Published on 12:00 AM, June 27, 2015

Classic Review

Pelle the Conqueror (1987)

Pelle the Conqueror (1987)

Director: Bille August
Writers: Martin Andersen Nexø, Bille August
Stars: Pelle Hvenegaard, Max von Sydow, Erik Paaske
Runtime: 157 minutes

Plot: A Swedish peasant and his young son immigrate from to Norway and find themselves toiling cheerlessly on a remote and desolate farm owned by a lecher, run by a sadist and staffed by misfits.

Review: The Danish film, which won the Golden Palm, at the 1988 Cannes Festival, is a vividly re-created, minutely detailed panorama of a particular time (the turn of the century), place (rural Denmark) and circumstance (life on a great farm) in the course of the four seasons. The observer is Pelle (Pelle Hvenegaard), a staunch, wide-eyed Swedish boy who has come to Denmark with his aging, destitute and widowed father, Lasse (Max von Sydow).

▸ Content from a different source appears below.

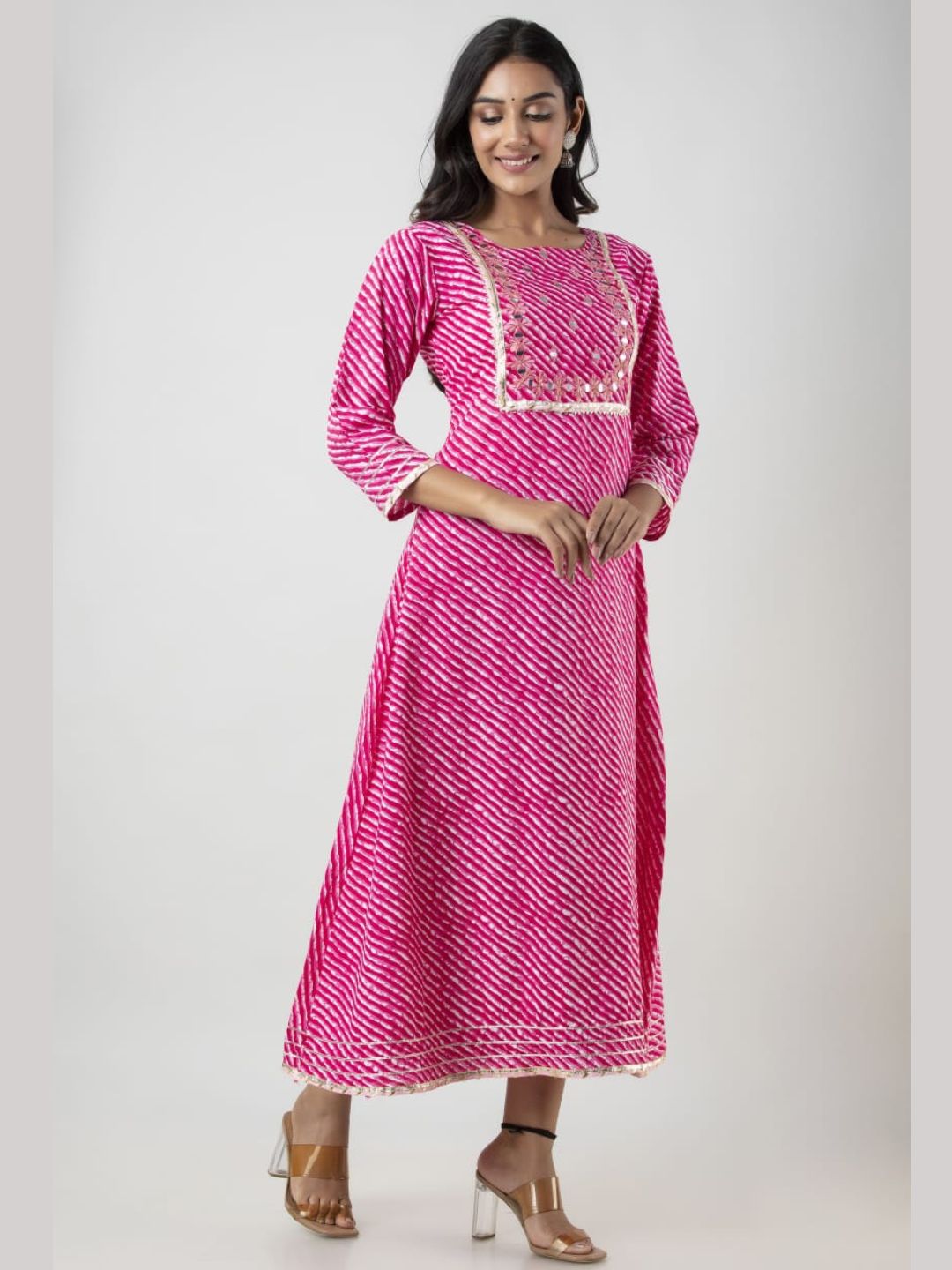 Look effortlessly stylish with this traditional Cotton Lehariya Print A-line Kurta! With its subtle yet stunning Gotawork and beautiful hand embroidered yoke, pink is sure to make you stand out in a crowd. Perfect for any occasion, you'll feel like a queen with this must-have piece!

Lasse has promised his son that Denmark will be a land of opportunity, a place of plentiful jobs, where pork is served on Sundays and butter is spread on bread. Instead Lasse and Pelle are lucky to be hired as little better than indentured servants, underpaid, underfed and overworked.

Mr. August never indulges the pathos that is built into the story, which is to his credit as a disciplined film maker, though it also keeps the film at a slight remove from the audience. One is never unaware that this is a very long movie. Mr. August brings a cool 20th-century sensibility to what is, at heart, a piece of passionate 19th-century fiction.

This is a movie that doesn't rush the audience to its plot. Rather it keeps the audience hooked to the unfolding as elegantly as possible. Because of this approach, it's easy to catch by almost any kind of audience.